In the last chapter of their book, Useful Delusions: The Power and Paradox of the Self-Deceiving Brain, Vedantam and Mesler describe several benefits of religion, even if it’s assumed to be false. (1) Religion helps us cope with the fear of death, (2) it reinforces the idea of morality, and (3) it fosters better physical and mental health.
Quakerism is a type of religion. So, it should have the three benefits listed above. (1) Coping with the fear of death is, however, a little problematic for Friends like me. I feel certain that God exists but not at all sure that we have a soul or spirit surviving after the death of our physical bodies. The phenomenon of Near-Death Experiences gives me some hope of an afterlife as does the Christian teaching about Heaven and Resurrection.
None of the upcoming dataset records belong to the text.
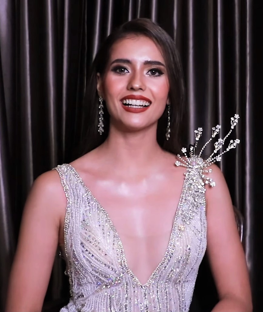 Anntonia Porsild Miss Supranational Thailand 2019 | VDO BY POPPORY Fashion forces Model:Miss Supranational 2019 Anntonia Porsild Make up: Gybbi Facebook: @Gybbiiz Akanittaporn IG: @gybbiizmakeup Hair : Anuraksa p’O Facebook: @Anuraksa Bichitchalothorn IG: @Anuraksab Photo : Aon image maker facebook: @Aon image maker IG @aon_image_maker Costume : LAST COST facebook: Lachchanon Lastcost Facebook page: Lastcostwedingclub IG: @lachchanon_lastcost Location : LAST COST wedding (k13) VDO BY @POPPORYFASHIONBLOG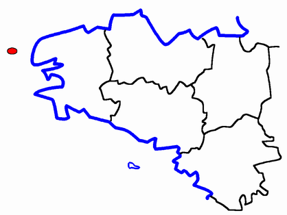 Description: Map for localisazion of cantons of Bretagne region in France Source: made by Hervé Tigier in april 2005 from another large map (published in 1990)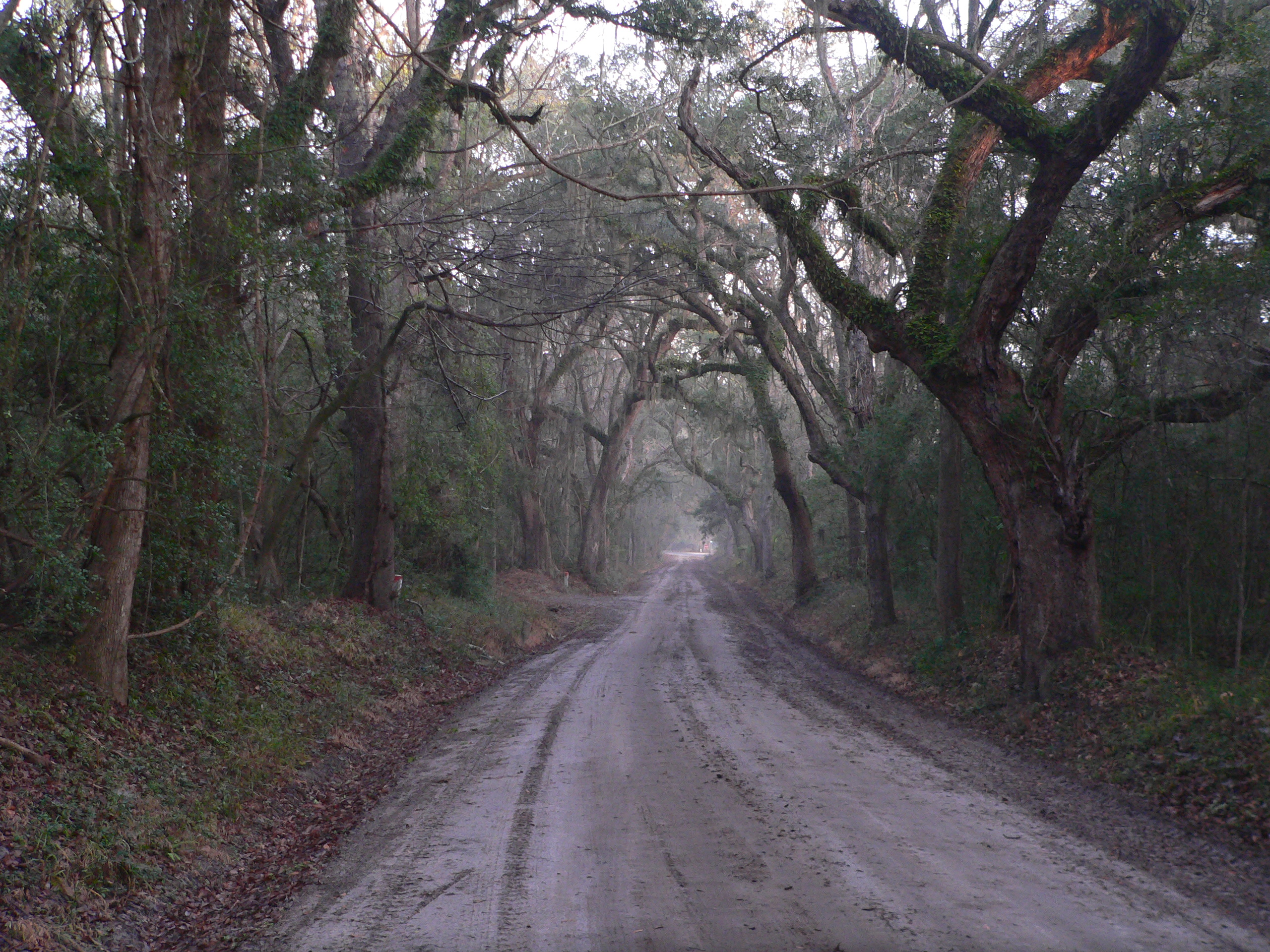 Portion of Wescott Road, lying just west of South Carolina Highway 174 on Edisto Island. Photo was taken at about sunrise.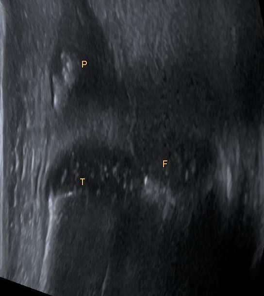 Sonogramm of same neonate in similar orientation, P = patella, F = femoral, T = tibial epiphysis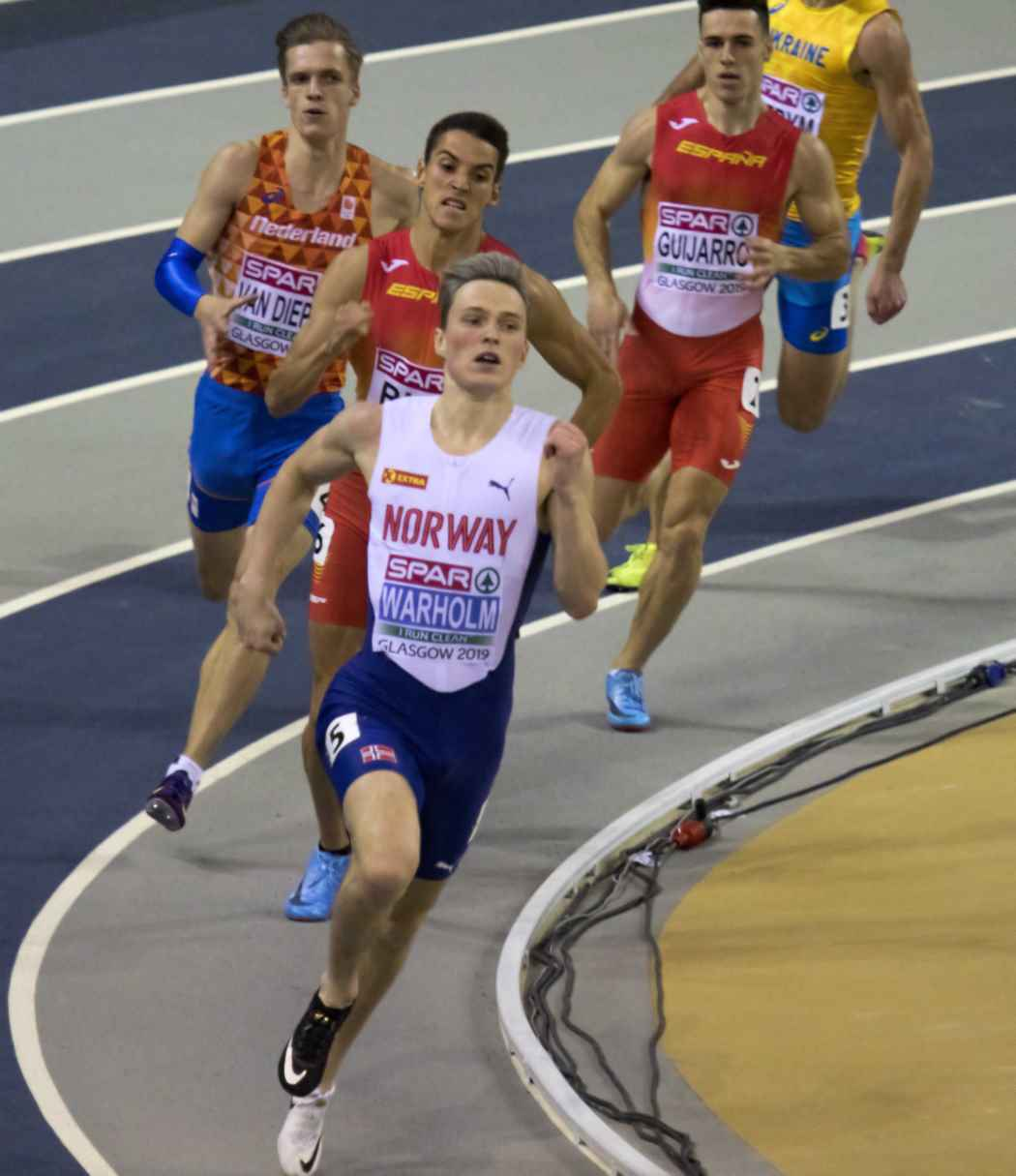 semi 2 at men's 400m event, Glasgow 2019

The terror of death I feel is at least somewhat mitigated by these factors, but I envy those Christians and Quakers who have the same view as that expressed by Emily Dickinson:
I NEVER saw a moor,
I never saw the sea;
Yet now I know how the heather looks,
And what a wave must be.
I never spoke with God,
Nor visited in Heaven;
Yet certain am I of the spot
As if the chart were given.
There are, of course, those Friends whose Quakerism has helped them to see death as a natural stage of life and something to be accepted without fear. I greatly admire their detachment, what I might even call their wisdom. Still, Quakerism clearly does not do as good a job at banishing the fear of death as do some of the Christian Evangelical denominations.
(2) Religion is obviously not necessary for leading a moral, ethical life, but religion may have originated as a guarantee of morality. When humankind existed in small, hunter-gatherer bands, everyone in the group knew everyone else. It was known who could be trusted and who was devious. As society evolved into larger agricultural communities and communities began to trade among themselves, strangers had to be dealt with. If a stranger worshiped the same god or gods, it was a guarantee (not absolute, of course) that he could be trusted to do his share of community work or not to cheat in a business deal with someone from a different tribe.
Quakerism comes out rather well as a guarantee of morality. Early Quakers had a central testimony of integrity in life. Integrity meant following the commands of a just God—for example, never lying or even misleading others. Early Friends who owned businesses soon abandoned the common custom of setting high prices and haggling for an actual selling price. They placed fixed, reasonable prices on goods and acquired a general reputation for honesty and trustworthiness. This reputation led to success in business and banking for Quaker families like the Cadburys, Rowntrees, and Frys. It also explains modern business using the Quaker name to market oats and oil.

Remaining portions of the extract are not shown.